[[ Dataset records, beginning ]]

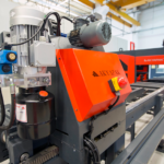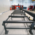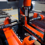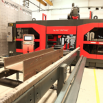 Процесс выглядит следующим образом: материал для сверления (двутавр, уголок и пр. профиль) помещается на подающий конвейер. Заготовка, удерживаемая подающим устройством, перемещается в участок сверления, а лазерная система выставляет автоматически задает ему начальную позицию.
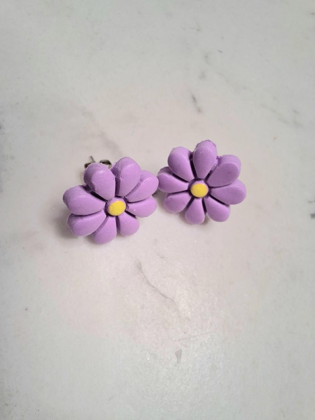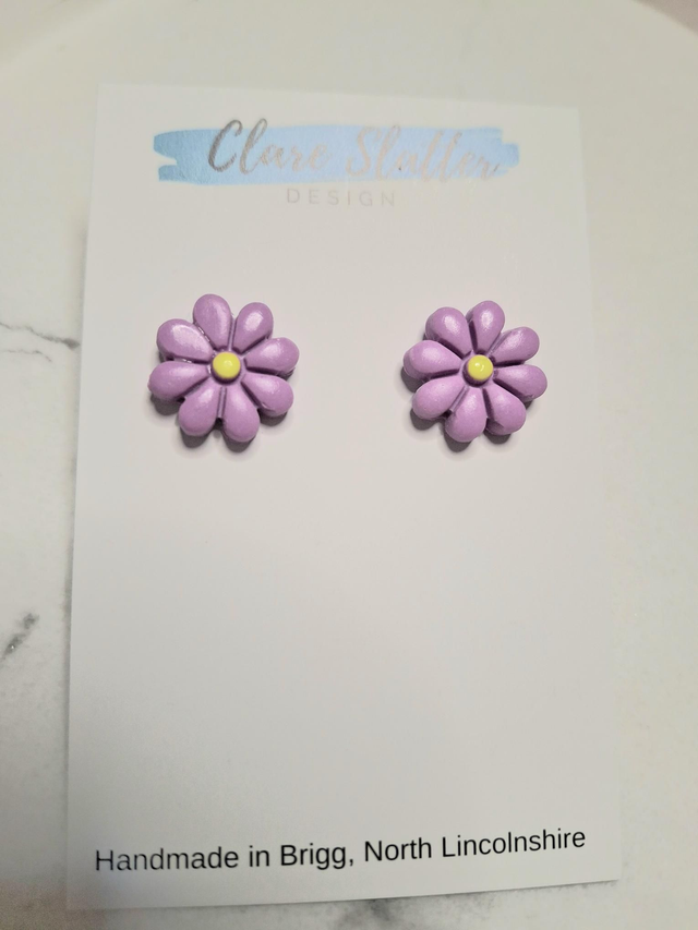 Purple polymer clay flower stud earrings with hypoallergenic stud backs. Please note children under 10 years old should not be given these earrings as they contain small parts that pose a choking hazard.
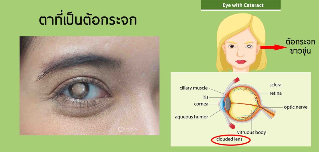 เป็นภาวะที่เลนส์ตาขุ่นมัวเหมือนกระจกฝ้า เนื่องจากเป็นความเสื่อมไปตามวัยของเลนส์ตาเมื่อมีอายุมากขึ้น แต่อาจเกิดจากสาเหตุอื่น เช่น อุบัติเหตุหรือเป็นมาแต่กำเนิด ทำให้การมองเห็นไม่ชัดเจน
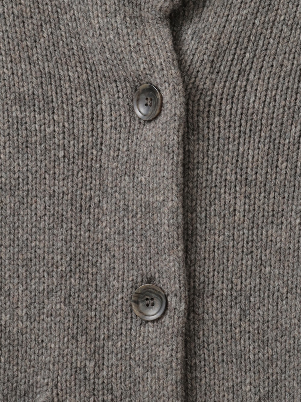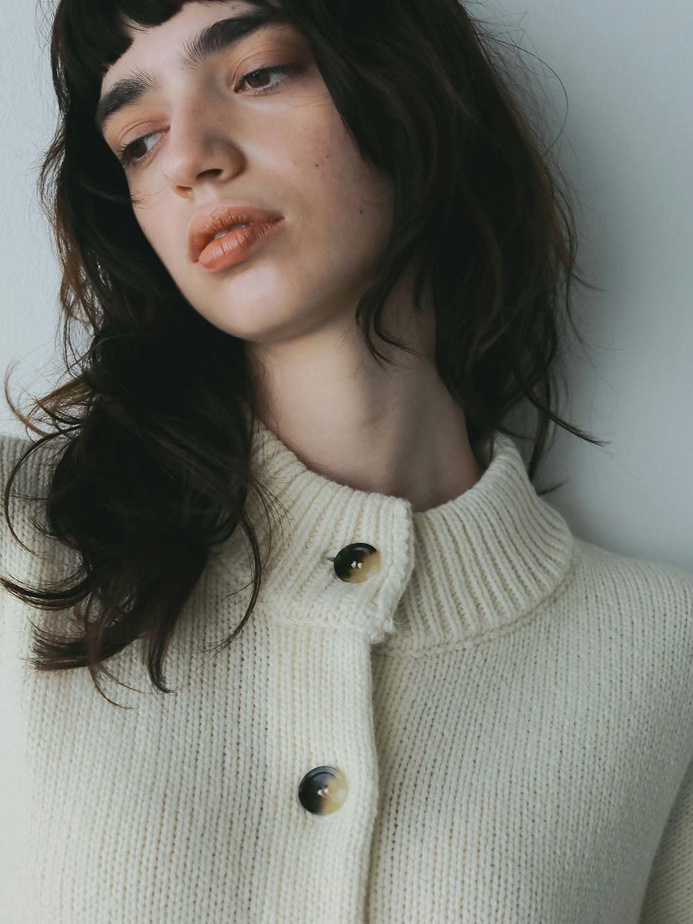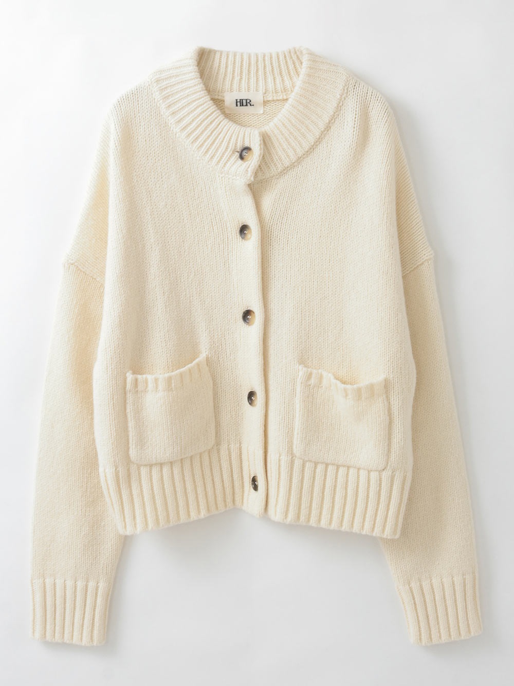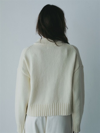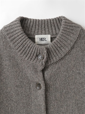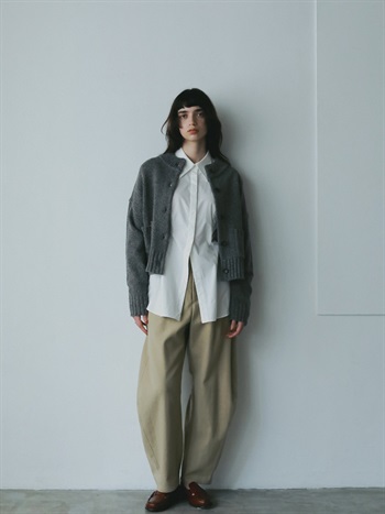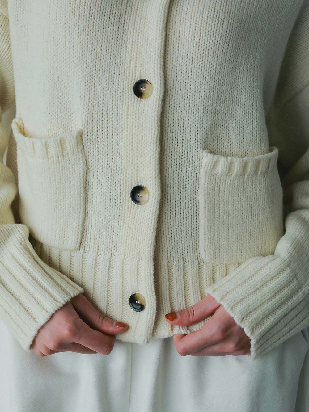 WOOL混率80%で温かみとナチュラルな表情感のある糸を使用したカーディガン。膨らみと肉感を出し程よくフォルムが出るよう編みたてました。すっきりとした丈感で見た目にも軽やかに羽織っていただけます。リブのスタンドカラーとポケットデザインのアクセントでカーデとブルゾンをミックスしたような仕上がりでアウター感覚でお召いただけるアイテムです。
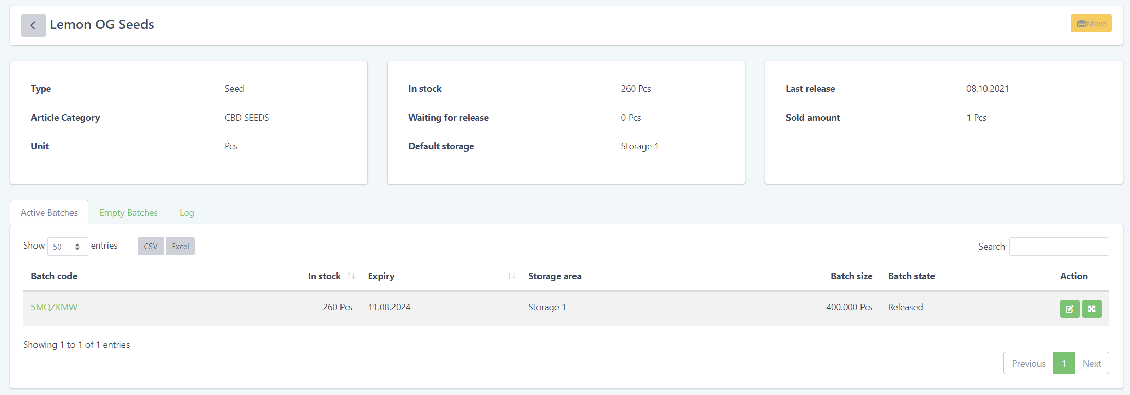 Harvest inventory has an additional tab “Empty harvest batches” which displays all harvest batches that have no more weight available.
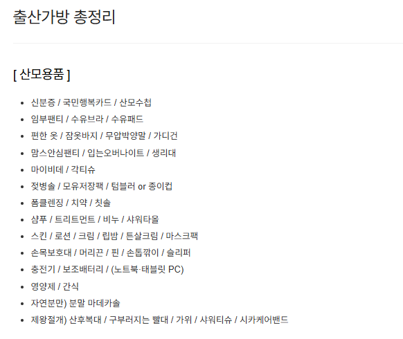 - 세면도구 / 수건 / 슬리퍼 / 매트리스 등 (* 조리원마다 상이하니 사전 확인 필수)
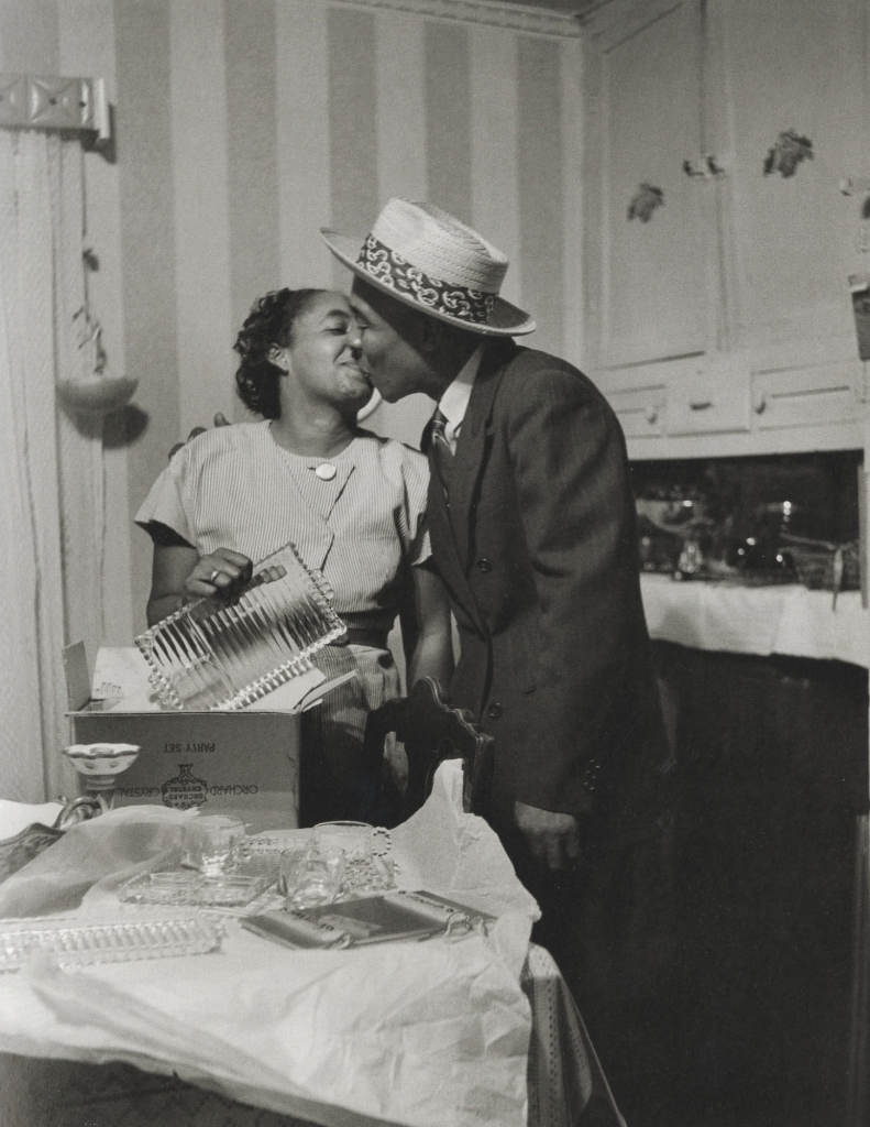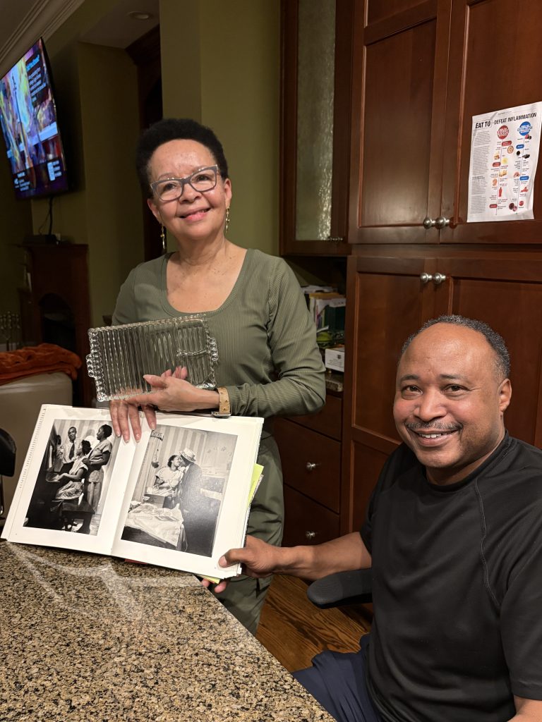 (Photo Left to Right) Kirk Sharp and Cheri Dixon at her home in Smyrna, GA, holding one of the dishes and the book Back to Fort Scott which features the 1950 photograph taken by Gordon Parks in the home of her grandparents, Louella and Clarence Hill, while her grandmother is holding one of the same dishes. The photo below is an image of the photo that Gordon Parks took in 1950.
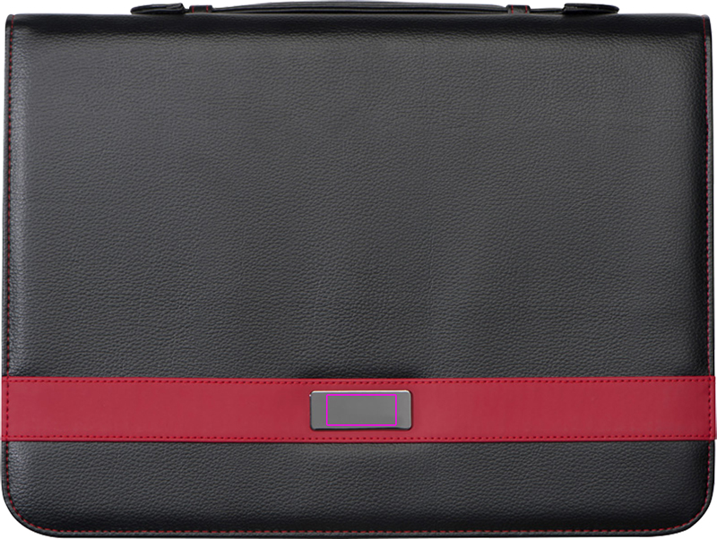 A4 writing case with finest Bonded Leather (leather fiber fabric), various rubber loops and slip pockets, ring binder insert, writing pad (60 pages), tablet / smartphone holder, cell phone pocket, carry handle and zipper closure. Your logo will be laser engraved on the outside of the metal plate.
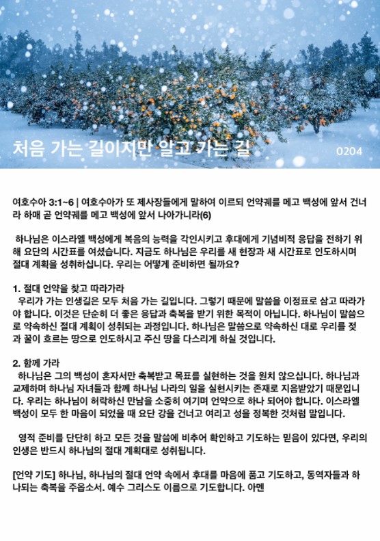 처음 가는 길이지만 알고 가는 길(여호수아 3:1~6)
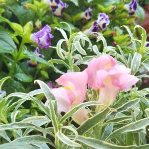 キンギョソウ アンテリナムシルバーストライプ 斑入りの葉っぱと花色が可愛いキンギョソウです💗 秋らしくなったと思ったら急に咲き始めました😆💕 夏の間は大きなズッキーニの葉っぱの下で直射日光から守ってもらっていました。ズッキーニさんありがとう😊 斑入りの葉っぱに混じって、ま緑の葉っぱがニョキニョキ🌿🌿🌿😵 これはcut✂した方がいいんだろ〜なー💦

[[ Dataset records, end ]]

▶ _Directions for this task_
Since only the text is wanted, repeat all the records above exactly and omit the pictures.

▶ _Response for this exercise_
 Процесс выглядит следующим образом: материал для сверления (двутавр, уголок и пр. профиль) помещается на подающий конвейер. Заготовка, удерживаемая подающим устройством, перемещается в участок сверления, а лазерная система выставляет автоматически задает ему начальную позицию.
 Purple polymer clay flower stud earrings with hypoallergenic stud backs. Please note children under 10 years old should not be given these earrings as they contain small parts that pose a choking hazard.
 เป็นภาวะที่เลนส์ตาขุ่นมัวเหมือนกระจกฝ้า เนื่องจากเป็นความเสื่อมไปตามวัยของเลนส์ตาเมื่อมีอายุมากขึ้น แต่อาจเกิดจากสาเหตุอื่น เช่น อุบัติเหตุหรือเป็นมาแต่กำเนิด ทำให้การมองเห็นไม่ชัดเจน
 WOOL混率80%で温かみとナチュラルな表情感のある糸を使用したカーディガン。膨らみと肉感を出し程よくフォルムが出るよう編みたてました。すっきりとした丈感で見た目にも軽やかに羽織っていただけます。リブのスタンドカラーとポケットデザインのアクセントでカーデとブルゾンをミックスしたような仕上がりでアウター感覚でお召いただけるアイテムです。
 Harvest inventory has an additional tab “Empty harvest batches” which displays all harvest batches that have no more weight available.
 - 세면도구 / 수건 / 슬리퍼 / 매트리스 등 (* 조리원마다 상이하니 사전 확인 필수)
 (Photo Left to Right) Kirk Sharp and Cheri Dixon at her home in Smyrna, GA, holding one of the dishes and the book Back to Fort Scott which features the 1950 photograph taken by Gordon Parks in the home of her grandparents, Louella and Clarence Hill, while her grandmother is holding one of the same dishes. The photo below is an image of the photo that Gordon Parks took in 1950.
 A4 writing case with finest Bonded Leather (leather fiber fabric), various rubber loops and slip pockets, ring binder insert, writing pad (60 pages), tablet / smartphone holder, cell phone pocket, carry handle and zipper closure. Your logo will be laser engraved on the outside of the metal plate.
 처음 가는 길이지만 알고 가는 길(여호수아 3:1~6)
 キンギョソウ アンテリナムシルバーストライプ 斑入りの葉っぱと花色が可愛いキンギョソウです💗 秋らしくなったと思ったら急に咲き始めました😆💕 夏の間は大きなズッキーニの葉っぱの下で直射日光から守ってもらっていました。ズッキーニさんありがとう😊 斑入りの葉っぱに混じって、ま緑の葉っぱがニョキニョキ🌿🌿🌿😵 これはcut✂した方がいいんだろ〜なー💦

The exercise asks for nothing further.